El día que cambió todo. El día que su madre no regresó. El día en que ella y su padre escribieron cartas desesperadas intentando sostener humo en sus manos.
Y de repente fue demasiado todo a la vez. Demasiado peso presionando hasta que no pudo respirar correctamente. Demasiado dolor que los años no habían disminuido a pesar de que todos decían que el tiempo curaba las heridas. Demasiados recuerdos que dolían como heridas frescas a pesar del tiempo que debería haber creado tejido cicatrizante pero de alguna manera nunca lo hizo.
Sin pensar, sin planear, sin poder detenerse aunque hubiera querido…
Luna dejó de bailar a mitad de paso y abrazó a Ren con lo que parecía una necesidad desesperada. Lo sostuvo apretadamente con todo lo que tenía. Con toda su fuerza que era considerable como domadora de Rango Oro pero que se sentía insuficiente para lo que necesitaba. Como si él fuera lo único que la mantenía de caer en un abismo que había estado esperando pacientemente que su compostura se quebrara.
Y comenzó a llorar con un dolor que había estado acumulándose durante días, durante semanas, durante años llevando esa triste carga. Silenciosamente porque incluso ahora, incluso rompiéndose, Luna Tejedora de Estrellas no podía permitirse el lujo de sollozos audibles en esta habitación. La última gota de control se mantenía a través de la pura fuerza de la costumbre incluso cuando todo lo demás estaba fallando. Pero las lágrimas vinieron de todas formas a pesar de los intentos de detenerlas. Muchas…
Calientes contra su rostro. Constantes, como si hubieran estado acumuladas y no estuvieran esperando más permiso para caer. Años de dolor contenidos detrás de una presa que finalmente había desarrollado agujeros y grietas demasiado grandes para reparar. Ren se congeló por un segundo mientras su mente se ponía al día con lo que estaba sucediendo, mientras el ‘entrenamiento’ que decía mantener la distancia chocaba con el instinto que decía proporcionar consuelo.
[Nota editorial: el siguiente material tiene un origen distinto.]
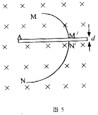 11.(23分)如图5所示,A是一块水平放置的铅板的截面,其厚度为d。MM'和N'N是一重力作用可忽略不计,质量为m,带电量为q的粒子在匀强磁场中的运动轨迹。匀强磁场的磁感应强度为B,方向垂直纸面向里。粒子的运动轨迹与磁场方向垂直,并且粒子垂直穿过铅板。轨迹MM'的半径为r,轨迹N'N的半径为R,且R>r。
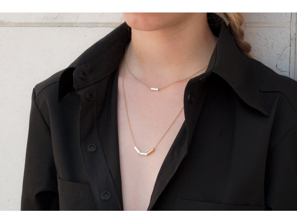 LINE mikrodots I navazuje na kolekci mikrodots a LINE. Spojení obou kolekcí bylo jen otázkou času. Kuličkový řetízek o ryzosti Ag 925 je v délce 42 cm s pozlacenou stříbrnou trubičkou Ag 925/ Au 585 dlouhou 0,9 cm. Šperk je opatřen logem značky JarryG.

Entonces, lentamente, deliberadamente, sus brazos se levantaron y la rodearon con una suavidad cuidadosa que, a pesar de su gran fuerza… sugería que tenía miedo de que pudiera romperse si la sostenía demasiado fuerte. No dijo nada porque las palabras habrían sido inadecuadas para un momento como este. No preguntó qué estaba mal porque ya lo sabía por todo lo que ella le había contado y todo lo que Selphira había revelado. No intentó arreglarla ni consolarla con palabras vacías.
Simplemente la sostuvo como ella le había pedido sin palabras. Y Luna lloró silenciosamente contra su pecho, permitiéndose ser débil con alguien que no era su lobo sombrío. Permitiéndose sentir todo el dolor que había estado reprimiendo a través de la disciplina y el orgullo que exigían fuerza incluso al romperse. Permitiéndose extrañar a su madre con una intensidad que de otro modo la destruiría desde adentro. Permitiéndose el permiso de lamentar adecuadamente porque el mundo había exigido que fuera fuerte inmediatamente después de la pérdida.
Porque su padre estaba roto y para poder trabajar ella había comprendido que no podía manejar que ella también se rompiera. Porque sus tíos estaban esperando cualquier signo de debilidad para explotar. Porque el mundo no perdonaba a los nobles que lloraban en público, que mostraban vulnerabilidad que podría ser usada en su contra. Pero aquí en este salón casi vacío, en los brazos de alguien que no la juzgaría por ser humana más allá de la máscara noble…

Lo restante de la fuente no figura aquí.